** Task **
Starting at the line that contains "此次大赛严格按照辅导员素质能", write out each line through the end of the data below, exactly as it stands. Skip any pictures.

** Information shown **
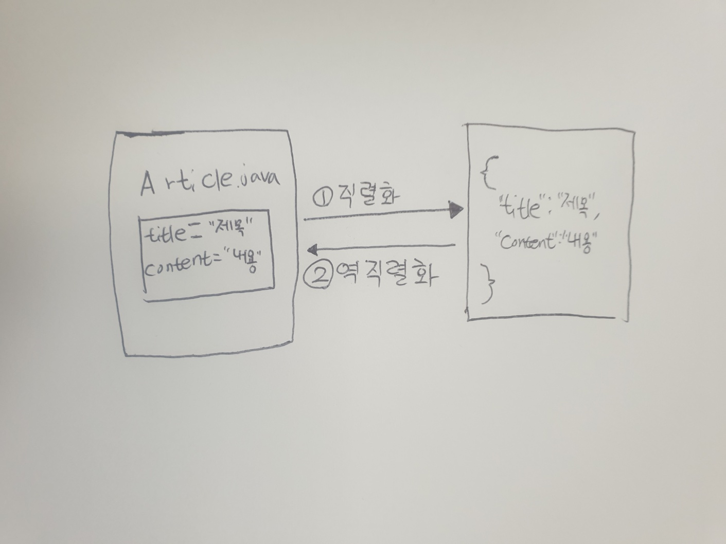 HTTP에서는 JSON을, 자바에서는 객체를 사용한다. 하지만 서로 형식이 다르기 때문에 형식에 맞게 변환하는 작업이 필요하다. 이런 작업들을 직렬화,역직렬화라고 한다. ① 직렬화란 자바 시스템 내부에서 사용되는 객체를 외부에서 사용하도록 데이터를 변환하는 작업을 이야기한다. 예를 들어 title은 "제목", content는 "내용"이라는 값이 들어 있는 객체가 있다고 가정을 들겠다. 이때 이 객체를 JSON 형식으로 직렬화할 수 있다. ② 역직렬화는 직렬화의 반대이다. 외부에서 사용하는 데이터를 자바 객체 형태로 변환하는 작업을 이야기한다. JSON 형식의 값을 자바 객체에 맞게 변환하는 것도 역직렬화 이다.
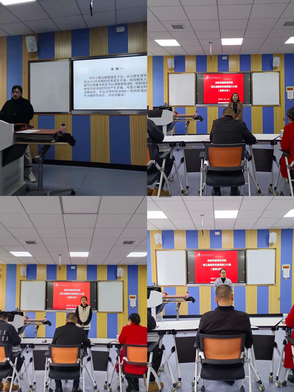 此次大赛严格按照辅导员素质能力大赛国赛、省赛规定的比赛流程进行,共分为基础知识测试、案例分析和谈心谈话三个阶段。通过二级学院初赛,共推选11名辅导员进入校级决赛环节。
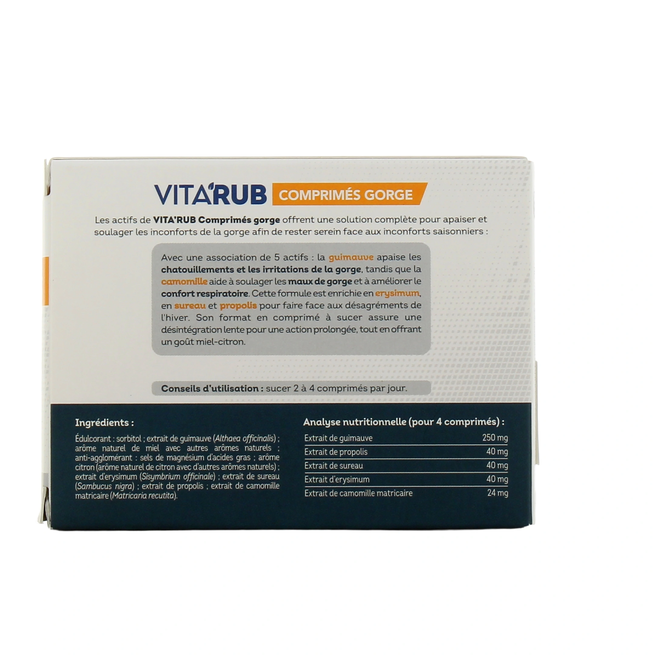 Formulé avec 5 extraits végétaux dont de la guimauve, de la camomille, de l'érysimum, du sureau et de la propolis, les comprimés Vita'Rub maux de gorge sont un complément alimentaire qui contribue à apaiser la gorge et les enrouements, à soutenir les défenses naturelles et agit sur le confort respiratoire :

** Written solution **
 此次大赛严格按照辅导员素质能力大赛国赛、省赛规定的比赛流程进行,共分为基础知识测试、案例分析和谈心谈话三个阶段。通过二级学院初赛,共推选11名辅导员进入校级决赛环节。
 Formulé avec 5 extraits végétaux dont de la guimauve, de la camomille, de l'érysimum, du sureau et de la propolis, les comprimés Vita'Rub maux de gorge sont un complément alimentaire qui contribue à apaiser la gorge et les enrouements, à soutenir les défenses naturelles et agit sur le confort respiratoire :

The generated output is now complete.